PROMPT
Leave out the pictures, and write out exactly the lines from the beginning of the material to the line holding "在案板上撒一层面粉,把面团拿", that line included, and nothing else.

COLLECTED DATA
* * * * *
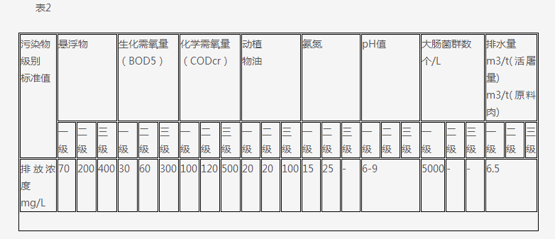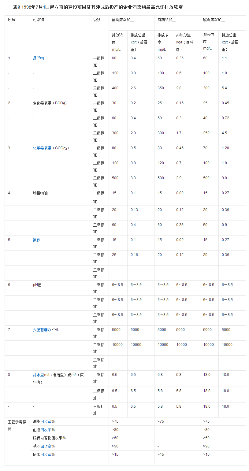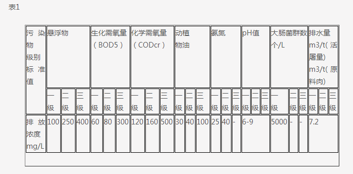 本標(biāo)準(zhǔn)按廢水排放去向,分年限規(guī)定了肉類加工企業(yè)水污染物最高允許排放濃度和排水量等指標(biāo)。
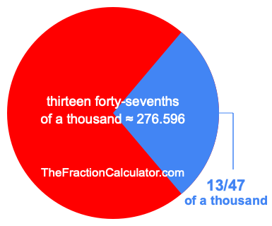Therefore, 13/47 of a thousand is the quotient of one thousand divided by 47, multiplied by 13. Here is the math and the answer:
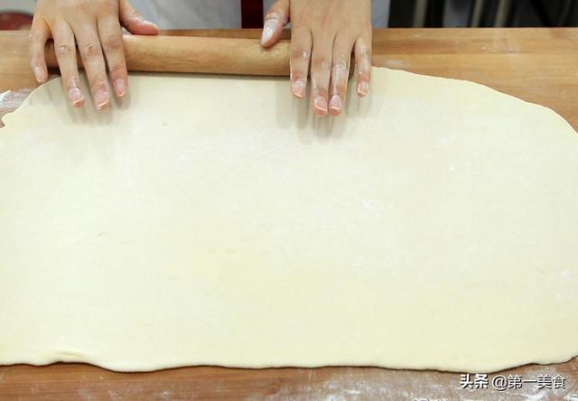 在案板上撒一层面粉,把面团拿出来揉一揉排排气,面团揉简单光滑甜品以后,用手压扁,擀成长方形的面饼。
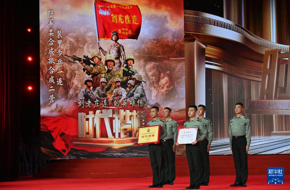 中央宣傳部在授予“時(shí)代楷?!狈Q號(hào)的決定中指出,“劉老莊連”是有靈魂、有本事、有血性、有品德的新時(shí)代革命軍人的優(yōu)秀代表,他們的先進(jìn)事跡充分彰顯了人民軍隊(duì)堅(jiān)定維護(hù)核心、堅(jiān)決聽黨指揮的政治本色和血脈傳承,生動(dòng)詮釋了全軍官兵不畏強(qiáng)敵、敢打必勝的精神品質(zhì),集中展現(xiàn)了新時(shí)代人民軍隊(duì)的好樣子、革命軍人的好樣子。希望廣大黨員干部特別是部隊(duì)官兵以“時(shí)代楷?!睘榘駱樱钊雽W(xué)習(xí)貫徹習(xí)近平新時(shí)代中國(guó)特色社會(huì)主義思想,深入貫徹習(xí)近平強(qiáng)軍思想,深刻領(lǐng)悟“兩個(gè)確立”的決定性意義,增強(qiáng)“四個(gè)意識(shí)”、堅(jiān)定“四個(gè)自信”、做到“兩個(gè)維護(hù)”,貫徹軍委主席負(fù)責(zé)制,傳承和弘揚(yáng)偉大抗戰(zhàn)精神,堅(jiān)定理想信念、厚植家國(guó)情懷,為如期實(shí)現(xiàn)建軍一百年奮斗目標(biāo)、加快把人民軍隊(duì)建成世界一流軍隊(duì),為以中國(guó)式現(xiàn)代化全面推進(jìn)強(qiáng)國(guó)建設(shè)、民族復(fù)興偉業(yè)而團(tuán)結(jié)奮斗。
* * * * *
ANSWER SPACE
 本標(biāo)準(zhǔn)按廢水排放去向,分年限規(guī)定了肉類加工企業(yè)水污染物最高允許排放濃度和排水量等指標(biāo)。
Therefore, 13/47 of a thousand is the quotient of one thousand divided by 47, multiplied by 13. Here is the math and the answer:
 在案板上撒一层面粉,把面团拿出来揉一揉排排气,面团揉简单光滑甜品以后,用手压扁,擀成长方形的面饼。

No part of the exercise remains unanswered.